Reputation: 492
I'm writing a package which is used for generating pdf files, by posting some data to a website and retrieving a generated pdf from the data.
My problem is with the unittests. So fare I've tried to post a known dataset to the website, retrieving the pdf and compared it to a pdf which I know is good. This works fine, however there's a timestamp in the pdf which means that next day it doesn't work.
As I can see it i have three options.
One is to get rid of the timestamp in the pdf. This seems to be pretty difficult from my googling. It would probably be something like a pdf to image conversion, and then blanking out the timestamp. And then comparing to a reference file.
Option two would be to create a mock website, which i can then use for generating a mock pdf. This options seems a bit strange to me though - as I would then not test the actual connection to the website, and if I ruin something in the connection, I wouldn't catch the bug.

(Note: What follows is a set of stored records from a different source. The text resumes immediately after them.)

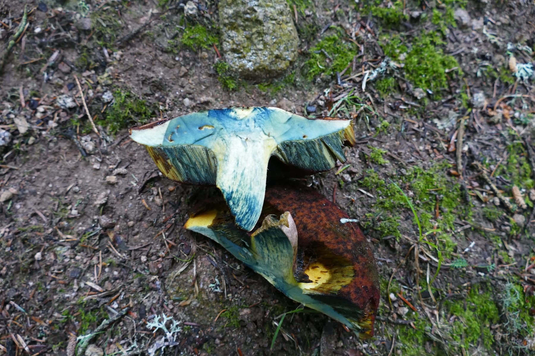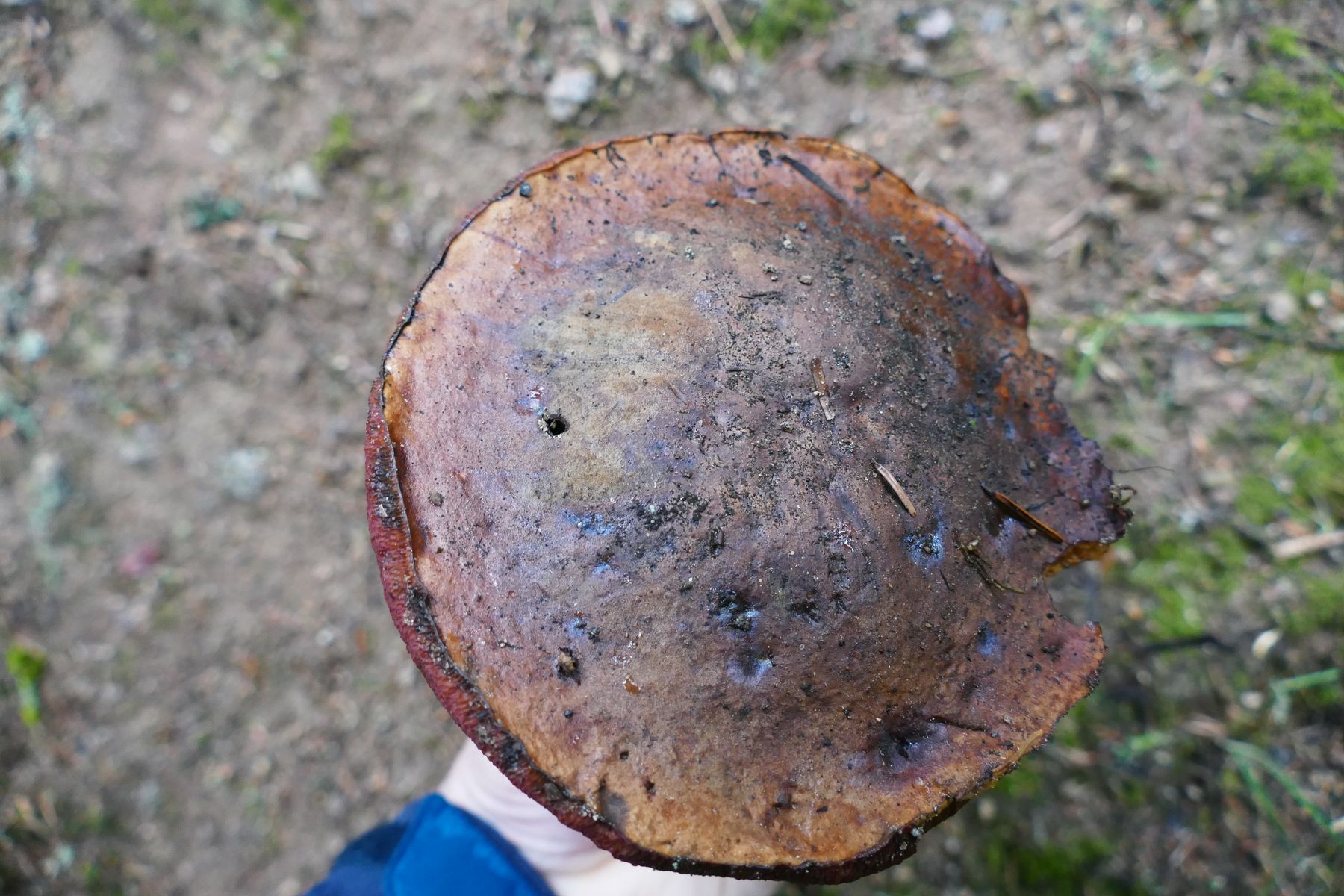 Darunter dieser klassische, sehr buntn Pilz mit Hut in Rot-Gelb-Blau, den offenbar kurz zuvor jemand ausgerissen oder umgetreten hatte. ![]()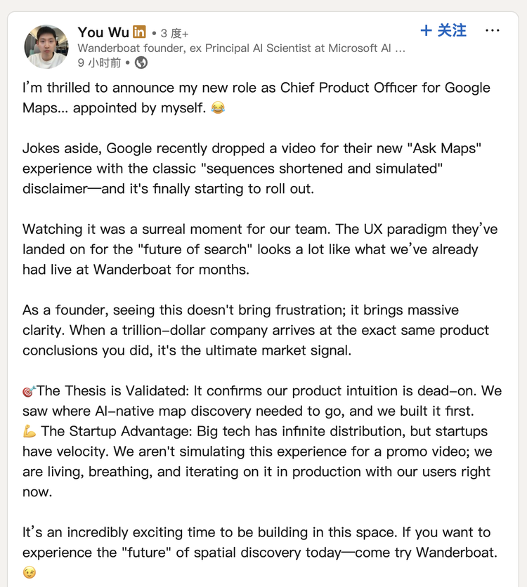 Google 的Ask Maps抄了Wanderboat的作业,不过Wanderboat的“作业”远不止于此。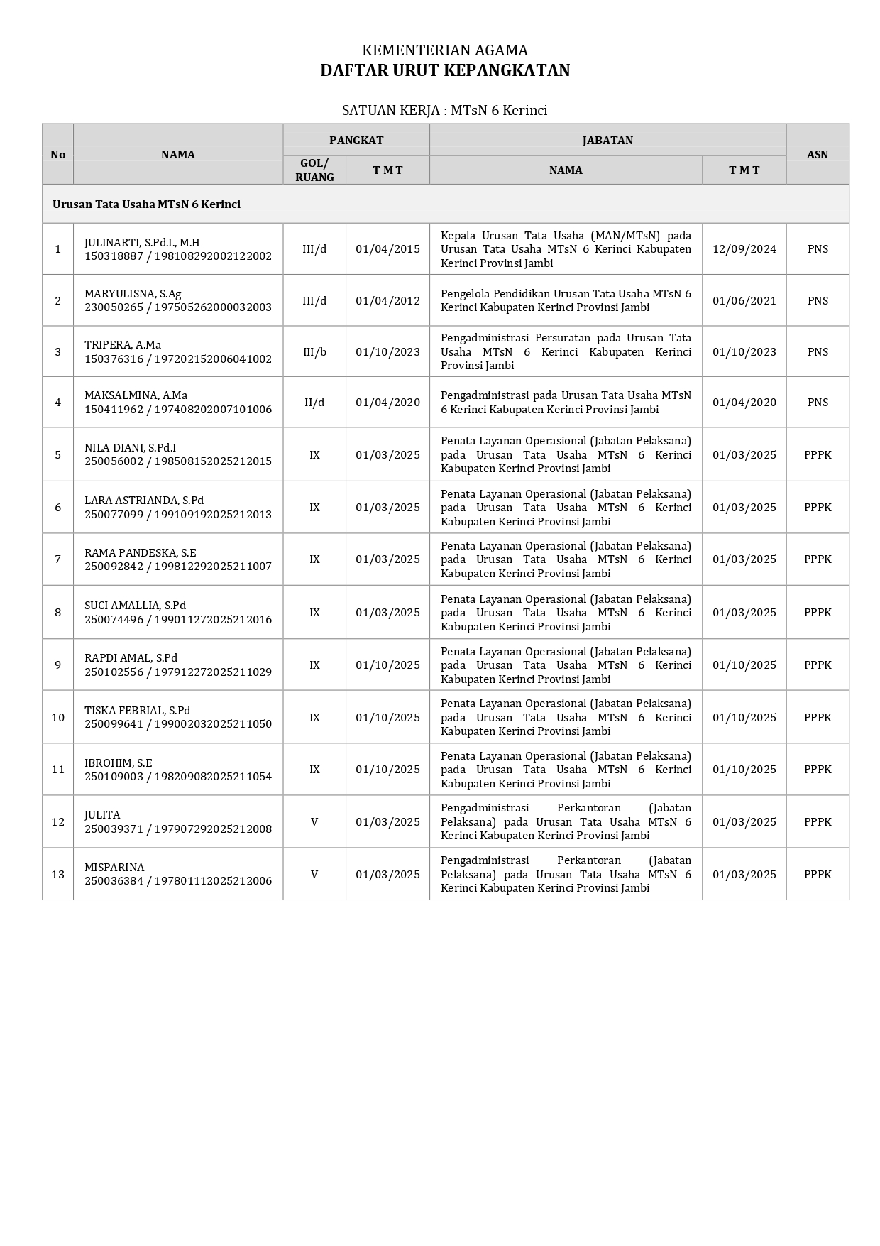 Selamat Datang di Website Resmi MTSN 6 Kerinci # Jln. Padang Baru, Desa Permai Baru, Tanjung Pauh Hilir, Kecamatan Danau Kerinci Barat, Kabupaten Kerinci, Provinsi Jambi # MTsN 6 Kerinci Menerima Peserta Didik Baru Tapel 2025/2026 # Madrasah Hebat Bermartabat # Selamat Datang di Website Resmi MTsN 6 Kerinci

And three would be to just check that I retrieve some data which appears to be a pdf, and then be done with it. This way I would also get around if the website changes a comma in the generated pdf.
So, I guess my question is two-fold. 1: How difficult would the pdf to image to blanking method be, and 2: From a unittesting perspective, would it be a better approach to make a mock website or just test that I get some pdf-like data.
Upvotes: 1
Views: 461
Reputation: 69051
For example, if the time stamp is at offset 11 and is two bytes long:
with open('reference.pdf') as rf:
reference_data = rf.read()
with open('pdf_from_website.pdf') as wf:
website_data = wf.read()
self.assertEqual(reference_data[:11], website_data[:11])
self.assertEqual(reference_data[13:], website_data[13:])
I'm not familiar with the innards of pdf files so this might not work. You could use diff
to see where the differences are and try, though.
For your second question: It is best if you can test that the returned pdf is both valid and has the contents it should have.
Upvotes: 1